Logo

Pipeline and automate your training data

Building great training data for your NLP project can be ... difficult. For many reasons, such as:

  • having little documentation how the training data was collected and labeled
  • having no idea how good the data quality is
  • reaching a sufficient training data size
  • doing all of this with little structure

Addressing these problems is what refinery was designed for.

Shown in the respective documentation of refinery, you can see how it solves issues like quality assurance, labeling automation or task orchestration. Now, we show you how you can streamline your training data pipeline and ensure that you continuously grow your database.

With workflow, you can synchronize stores with a refinery project, meaning automatically appending training data that is entered into a store to a refinery project. What does this mean? With workflow, you have a full training data engine, capable of chaining complex actions to build your training data over time.

Fig. 1: Fill stores based on any condition you'd like, and then synchronize them with refinery projects.
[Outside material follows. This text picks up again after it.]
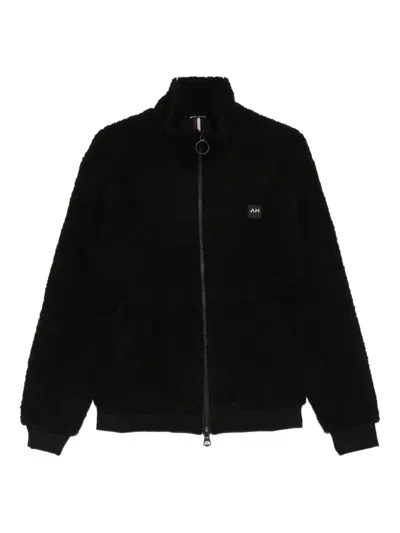 black front zip fastening appliqué logo stand-up collar long sleeves ribbed hem
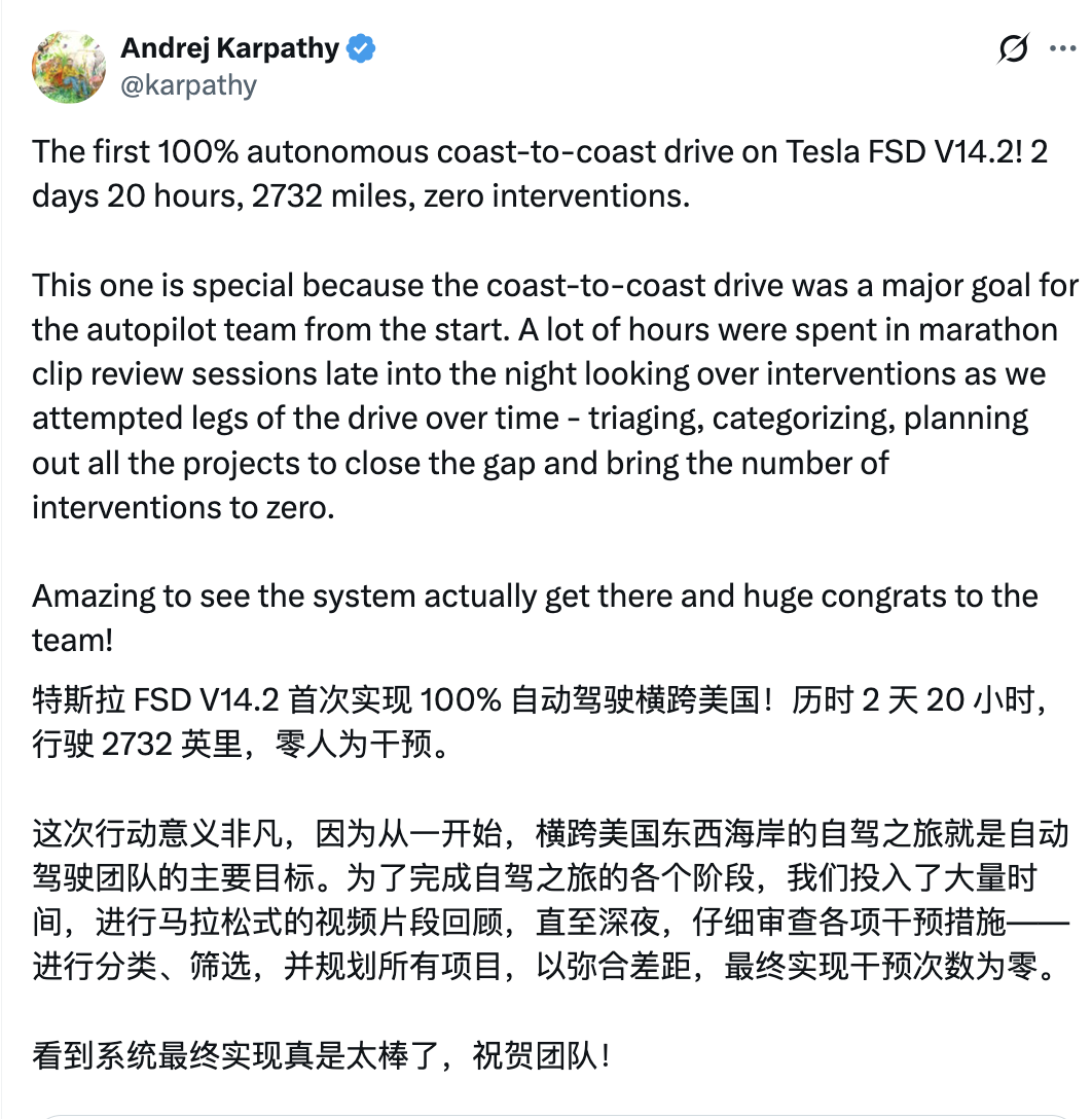 “三年又三年,三年又三年”,Andrej Karpathy都离职了,十年已经过去了,现在,马斯克当年的雄心终于让一位用户给实现了。

In the above example, you can see

  • a Google inbox which is pushing data to a gates model.
  • this gates model is analyzing the language of the email,
  • and forwards English emails to the English shared store,
  • whereas German mails are forwarded to the German shared store.
  • both stores are attached to a separate refinery project. This means that your database grows naturally over time!

With workflow, gates and refinery, you can set up training data pipelines of arbitrary complexity - both super simple, or tailored to any requirement you have.